# Whats this called?



## JTsteelblu (Oct 13, 2004)

Hi all,
I hope someone knows the name of this little gadget I had when I was a kid. It was a useless little time waster, but fasinated me, and now I want to build one for my Grand Kids...but alas, I don't know what it's called or where to get plans, if they even exist. Here's a discription. It had a wooden base of maybe 3 inches square and and 3/4 inch in depth, with two perpendicular routed dovetail tracks cut into it that held two "tailed" sliding pieces maybe an inch in length that ran back and forth in the tracks. They were connected to a wooden crank that propelled the to tailed pieces.
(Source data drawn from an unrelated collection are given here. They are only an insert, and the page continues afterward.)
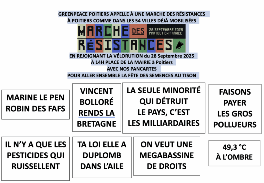 - Soyons uni.es pour entrer en résistance et porter le projet d’un monde plus juste et plus solidaire, respectueux des limites planétaires #TimeToResist.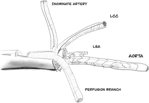 Further advancements include the development of novel FET prostheses incorporating endovascular side branches specifically for the left subclavian artery (LSA), aiming to streamline total arch replacement by facilitating its connection. One such innovative prosthesis features an endovascular side branch for LSA connection, designed to enhance the efficiency of aortic arch replacement (Figure 1). Pre-clinical testing in a human cadaver model demonstrated the feasibility of accurate deployment with anatomical orientation towards the LSA ostium, followed by successful stent graft deployment (Figure 2) (27). Proximalizing the distal anastomosis to zone 1 simplified the procedure and facilitated its completion. First-in-men experience with this novel FET prosthesis with conditions such as penetrating ulcer, non-A non-B aortic dissection and chronic arch aneurysm showed promising preliminary clinical outcomes (28). Surgeries were performed under high moderate hypothermia (27 °C), employing bilateral selective antegrade cerebral perfusion and distal aortic perfusion. Anastomosis of the FET prosthesis with the aortic arch occurred in zone 1, followed by separate reimplantation of the left common carotid artery and the brachiocephalic artery.
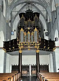 Darunter steht auf einer Empore die Orgel, die 1963 von der Orgelbaufirma Georg Stahlhuth aus Aachen im bereits vorhandenen Rokoko-Gehäuse des Vorgängerinstruments installiert wurde. Die erste Orgel wurde 1763 von dem Orgelbauer Johann Theodor Gilmann mit 19 Registern auf zwei Manualen und angehängtem Pedal erbaut.[25] 1913 wurde sie durch ein neues Instrument der Bonner Orgelbaufirma Klais ersetzt, das 1963 die St. Nikolaus-Kirche in Aachen erhielt. Die heutige Orgel besitzt 29 Register auf zwei Manualen und Pedal. Die Spieltrakturen sind mechanisch.[25]
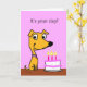 O cão laranja está prestes a soprar as velas num bolo de aniversário branco. Deseje ao seu amante de cachorro um feliz aniversário.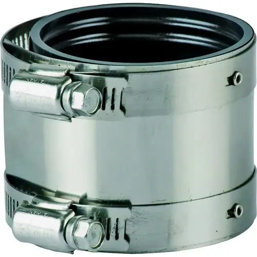 The ProSource pipe couplings connects no-hub drain pipes on any combination of plastic, steel or extra-heavy cast iron pipes. Series 300 stainless steel shield and neoprene gasket. Not recommended for underground use.

When the crank was turned, the two tailed piece slide back and forth narrowly missing a collision as they passed by one another. It didn't realy do anything but amaze an 8 year old with the narrow miss, and kept him quiet for hours as the car ticked off the miles to our vacation spot. I really can't tell you much more about the gadget, other than it reminds me today of the woodworking gadget that some use to draw an oval on a project, as the "crank" discribes an oval as it moves through a cycle. Let me know if any of you have seen this, what it's name may be, and if you've seen plans or built one yourselves! Thanks for your help guys!
JT


----------



## scotirish10 (Nov 11, 2008)

We called it a "BS" grinder. Never saw plans for one.


----------



## dovetail_65 (Jan 22, 2008)

Here is a picture of one I will get you plans as soon as I can.

Its in the lower right corner(got the pic off the net).
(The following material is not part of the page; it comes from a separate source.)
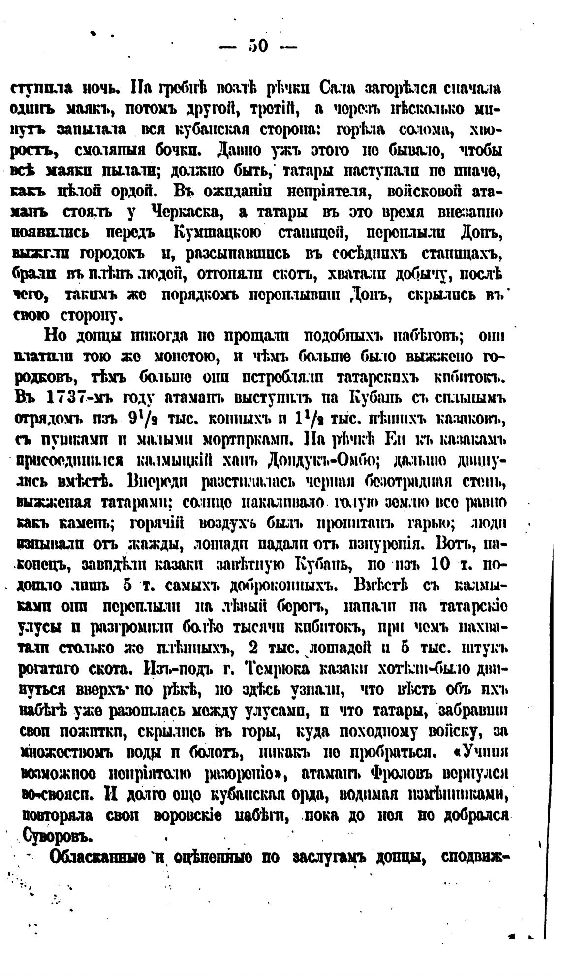 Въ 1737-мъ оду атамань выступшть па Кубань съ сплышмъ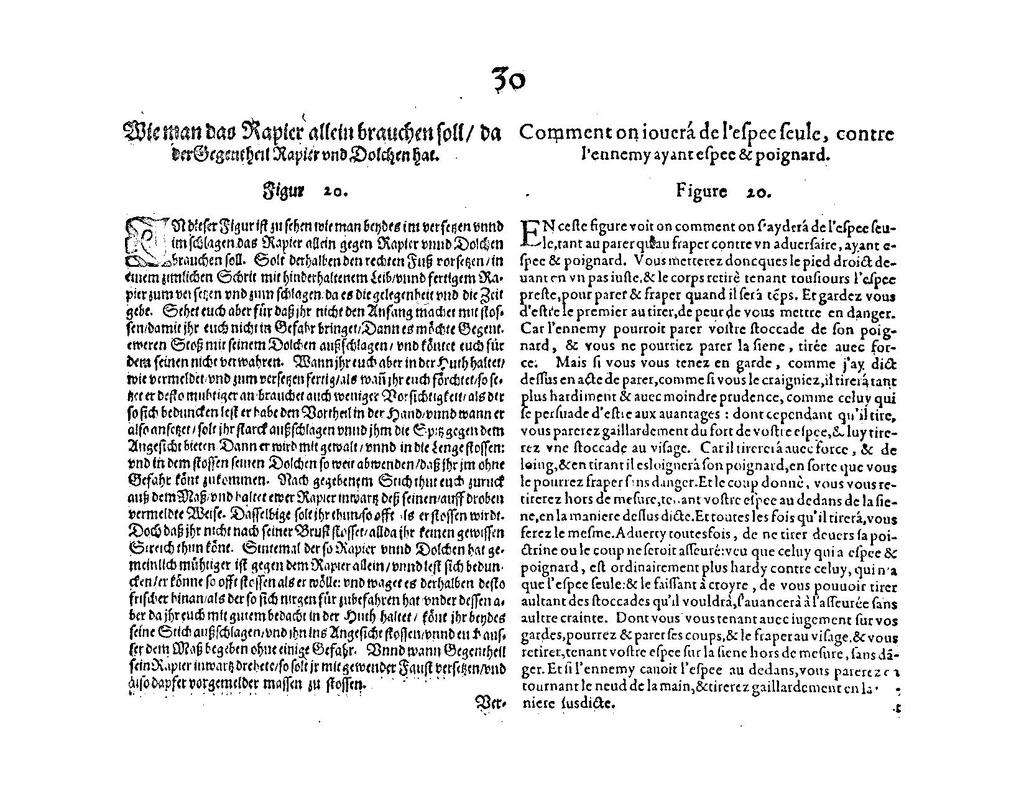 IN dieser Figur ist zu sehen wie man beydes im versetzen vnnd im schlagen das Rapier allein gegen Rapier vnnd Dolch brauchen soll. Solt derhalben den rechten Fuß vorsetzen, in einem zimlichen Schrit mit hinderhaltenem Leib, vnnd fertigem Rapier zum versetzen vnd zum schlagen da es die gelegenheit vnd die Zeit gebe. Sehet euch aber fuͤr daß jhr nicht den Anfang machet mit stossen, damit jhr euch nicht in Gefahr bringet, Dann es moͤchte Gegenth. eweren Stoß mit seinem Dolchen außschlagen, vnd koͤntet euch fuͤr dem seynen nicht verwahren. Wann jhr euch aber in der Huth haltet, wie vermeldet, vnd zum versetzen fertig, als wann jhr euch foͤrchtet, so setzet er desto muhtiger an, brauchet auch weniger Vorsichtigkeit, als der so sich beduncken lest er habe den Vortheil in der Hand, vnnd wann er also ansetzet, solt jhr stark außschlagen vnnd jhm die Spitz gegen dem Angesicht bieten. Dann er wird mit gewalt, vnnd in die Lenge stossen: vnd in dem stossen seinen Dolch so weit abwenden, daß jhr jm ohne Gefahr koͤnt zukommen. Nach gegebenem Stich thut euch zuruck auß dem Maß, vnd haltet ewer Rapier inwartz deß seinen, auff droben vermeldte Weise. Dasselbige solt jhr thun, so offt als er stossen wirdt. Doch das jhr nicht nach seiner Brust stosset, allda jhr keinen gewissen Streich thun koͤnt. Sintemal der so Rapier vnnd Dolch hat gemeinlich muͤhtiger ist gegen dem Rapier allein, vnnd lest sich beduncken, er koͤnne so offt stossen als er woͤlle: vnd waget es derhalben desto frischer hinan, als der so sich nirgen fuͤr zubefahren hat, vnder deßen aber da jhr euch mit gutem bedacht in der Huth haltet, koͤnt jhr beydes seine Stich außschlagen, vnd jhn ins Angesicht stossen, vnnd euch ausser dem Maß begeben ohne einige Gefahr. Vnnd wann Gegentheil seyn Rapier inwartz drehete, so solt jr mit gewender Faust versetzen, vnd also dapfer vorgemelder massen zu stoßen.

If Nana still has one I will get it and make some plans. She keeps everything.


Nick


----------



## bobj3 (Jan 17, 2006)

HI JTsteelblu

Is this what it looked like ? , see below
sorry no plans, but it works about the same way the oval jig works. 
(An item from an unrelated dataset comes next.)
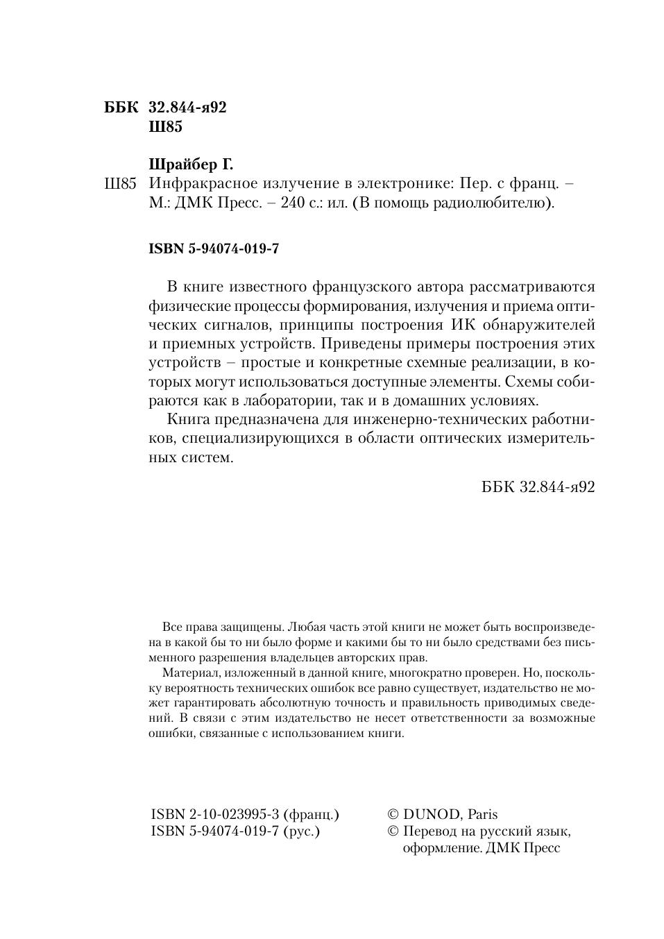 В книге известного французского автора рассматриваются физические процессы формирования, излучения и приема оптических сигналов, принципы построения ИК обнаружителей и приемных устройств. Приведены примеры построения этих устройств – простые и конкретные схемные реализации, в которых могут использоваться доступные элементы. Схемы собираются как в лаборатории, так и в домашних условиях. Книга предназначена для инженерно-технических работников, специализирующихся в области оптических измерительных систем.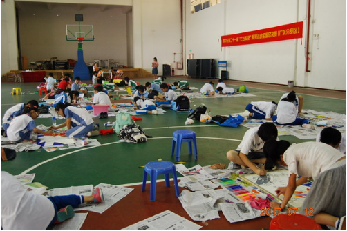 11日中午,在市科协科普部部长的带领下,阳江代表队从阳江出发,一路欢歌笑语来到广州。当天晚上,老师学生们不顾路途的疲惫,马上投入到赛前准备当中,把酒店走廊当教室,把地板当桌面,学生三五成群地趴在地板上作画,老师在一旁指导,家长在一旁鼓劲。整个过程中,每个同学都保持着最佳的精神状态来领悟老师讲解的每一个细节,老师的每一句话语都给同学们注入了信心和希望。

http://www.rockler.com/product.cfm?page=17282&filter=oval jig

===


JTsteelblu said:


> Hi all,
> I hope someone knows the name of this little gadget I had when I was a kid. It was a useless little time waster, but fasinated me, and now I want to build one for my Grand Kids...but alas, I don't know what it's called or where to get plans, if they even exist. Here's a discription. It had a wooden base of maybe 3 inches square and and 3/4 inch in depth, with two perpendicular routed dovetail tracks cut into it that held two "tailed" sliding pieces maybe an inch in length that ran back and forth in the tracks. They were connected to a wooden crank that propelled the to tailed pieces. When the crank was turned, the two tailed piece slide back and forth narrowly missing a collision as they passed by one another. It didn't realy do anything but amaze an 8 year old with the narrow miss, and kept him quiet for hours as the car ticked off the miles to our vacation spot. I really can't tell you much more about the gadget, other than it reminds me today of the woodworking gadget that some use to draw an oval on a project, as the "crank" discribes an oval as it moves through a cycle. Let me know if any of you have seen this, what it's name may be, and if you've seen plans or built one yourselves! Thanks for your help guys!
> JT


----------



## JTsteelblu (Oct 13, 2004)

nickao65 said:


> Here is a picture of one I will get you plans as soon as I can.
> 
> Its in the lower right corner(got the pic off the net).
> 
> ...


Yup Nick! That's it! If you can do "a Norm" for me, and get some measurements, I would really be greatful! If you have any idea what it's called I can look on the Net too, but I wouldn't know where to start without a name for it! Thanks Friend...my Grand Kids will love us BOTH for a long time! So will their mothers on those long car trips! Thanks again! JT


----------



## bobj3 (Jan 17, 2006)

HI Carpe Carp

You should not needs plans for this one, just a 3/4" dovetail bit and about 30 mins.to make this one 

====



JTsteelblu said:


> Yup Nick! That's it! If you can do "a Norm" for me, and get some measurements, I would really be greatful! If you have any idea what it's called I can look on the Net too, but I wouldn't know where to start without a name for it! Thanks Friend...my Grand Kids will love us BOTH for a long time! So will their mothers on those long car trips! Thanks again! JT


----------



## Burdell (Jan 17, 2009)

*What's It Called?*



JTsteelblu said:


> Hi all,
> I hope someone knows the name of this little gadget I had when I was a kid. It was a useless little time waster, but fasinated me, and now I want to build one for my Grand Kids...but alas, I don't know what it's called or where to get plans, if they even exist. Here's a discription. It had a wooden base of maybe 3 inches square and and 3/4 inch in depth, with two perpendicular routed dovetail tracks cut into it that held two "tailed" sliding pieces maybe an inch in length that ran back and forth in the tracks. They were connected to a wooden crank that propelled the to tailed pieces. When the crank was turned, the two tailed piece slide back and forth narrowly missing a collision as they passed by one another. It didn't realy do anything but amaze an 8 year old with the narrow miss, and kept him quiet for hours as the car ticked off the miles to our vacation spot. I really can't tell you much more about the gadget, other than it reminds me today of the woodworking gadget that some use to draw an oval on a project, as the "crank" discribes an oval as it moves through a cycle. Let me know if any of you have seen this, what it's name may be, and if you've seen plans or built one yourselves! Thanks for your help guys!
> JT


Carp,

This fun device when used to draw ellipses is called an "elliptical trammel." They have existed for a long time, probably the 1700's.

Burdell


----------



## Burdell (Jan 17, 2009)

Burdell said:


> Carp,
> 
> This fun device when used to draw ellipses is called an "elliptical trammel." They have existed for a long time, probably the 1700's.
> 
> Burdell


I did a little more research. Elliptical trammels have existed at least since the renaissance. I suspect that the idea came from Aristotle or one of the other Greek mathematicians, because the idea is based on geometry.

Burdell


----------